Его увезли ночью. Спустя несколько недель душа бедной женщины вознеслась – я твердо верю и надеюсь – в обитель вечного блаженства и покоя. Над ее останками я совершил погребальную службу. Она лежит на нашем маленьком кладбище. На ее могиле нет плиты. Ее горести были известны людям, добродетели – Богу.
Перед отправкой каторжника было условлено, что он напишет матери, как только получит на это разрешение, и письмо адресует на мое имя. Отец решительно отказался увидеться с сыном с момента его ареста, ему было все равно, жив он или умер. Прошло много лет, и я не имел никаких сведений о каторжнике; истекло больше половины назначенного срока, и, не получив ни одного письма, я решил, что он умер, – пожалуй, хотелось мне на это надеяться.
По прибытии в колонию Эдмондс был отправлен далеко в глубь страны, и быть может, этим-то и объясняется тот факт, что ни одно из отправленных им писем до меня не дошло. Там прожил он все четырнадцать лет. По истечении этого срока, оставаясь верным старому своему решению и клятве, данной матери, он вернулся в Англию, преодолев бесчисленные трудности, и пешком отправился в родную деревню.
Был ясный августовский воскресный вечер, когда Джон Эдмондс вошел в деревню, которую семнадцать лет назад покинул со стыдом и позором. Кратчайший путь лежал через кладбище. У него забилось сердце, когда он вступил за ограду. Высокие старые вязы, пропуская сквозь листву яркий луч заходящего солнца, падавший на тенистую дорожку, воскресили воспоминания детства. Он увидел самого себя, цепляющегося за руку матери и мирно идущего в церковь. Вспомнил, как, бывало, заглядывал в ее бледное лицо и как часто у нее на глазах выступали слезы, когда она смотрела на него, – слезы, обжигавшие ему лоб, когда она наклонялась, чтобы поцеловать его, и он тоже начинал плакать, хотя в ту пору и не подозревал о том, какие это были горькие слезы. Он вспомнил, как часто бегал по этой дорожке вместе с веселыми товарищами, то и дело оглядываясь, чтобы увидеть улыбку матери, услышать ее кроткий голос. И тогда словно поднялась завеса над его воспоминаниями и всплыли в памяти ласковые слова, оставшиеся без ответа, забытые предостережения, нарушенные им обещания; мужество покинуло его, страдания его были невыносимы.

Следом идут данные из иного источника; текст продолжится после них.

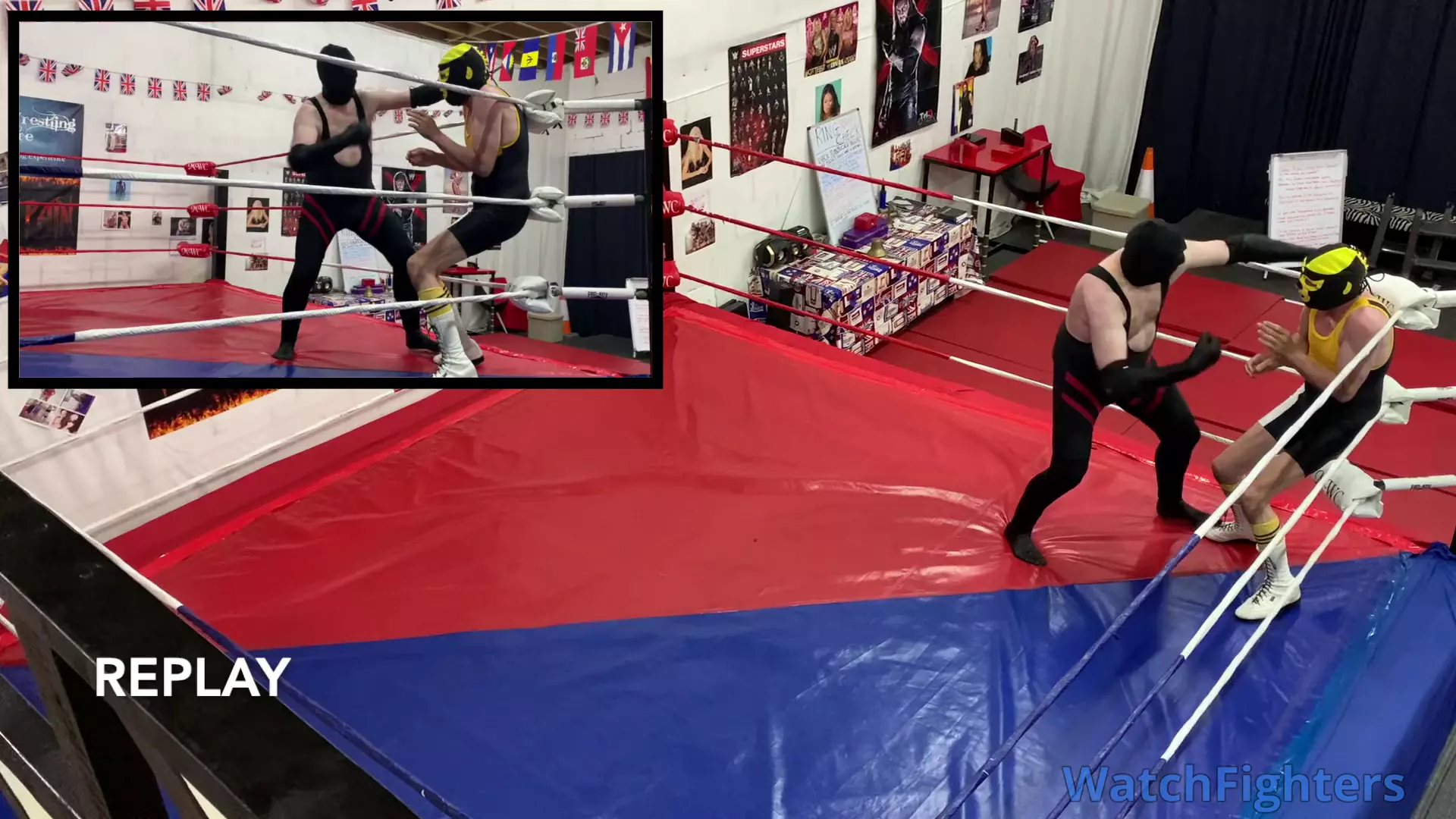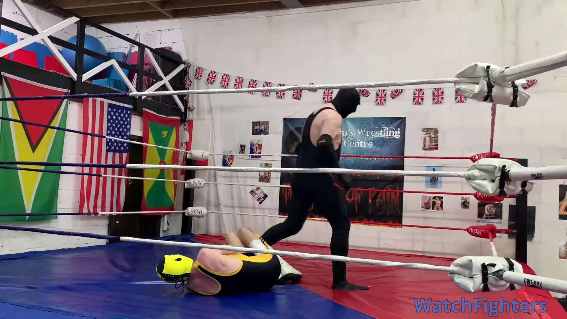 Action from a pro wrestling match featuring Flash v Ghoul held at MWC London.

Он вошел в церковь. Вечерняя служба кончилась, прихожане разошлись, но церковь еще не была закрыта. Гулко раздавались шаги в невысоком здании, и здесь была такая тишина, что он почти испугался своего одиночества. Он осмотрелся по сторонам. Все было по-прежнему. Церковь показалась ему меньше, чем раньше, но остались те же старые памятники, на которые он столько раз смотрел с детским благоговением, маленькая кафедра с выцветшей подушкой, престол, перед которым он так часто повторял заповеди, почитаемые в детстве и забытые в годы зрелости. Он подошел к старой скамье; она казалась холодной и покинутой. Унесли подушку, исчезла Библия. Быть может, теперь его мать занимала другую скамью, для людей победнее, или хворала и не могла одна дойти до церкви. Он не смел подумать о том, чего боялся. Холод пробежал у него по спине, он дрожал, направляясь к выходу.
В дверях он встретил старика, входившего в церковь. Эдмондс отшатнулся – он хорошо его знал, много раз видел он, как тот роет могилы на кладбище. Что скажет он вернувшемуся каторжнику?
Старик посмотрел на незнакомое ему лицо, сказал «добрый вечер» и медленно прошел дальше. Он забыл его.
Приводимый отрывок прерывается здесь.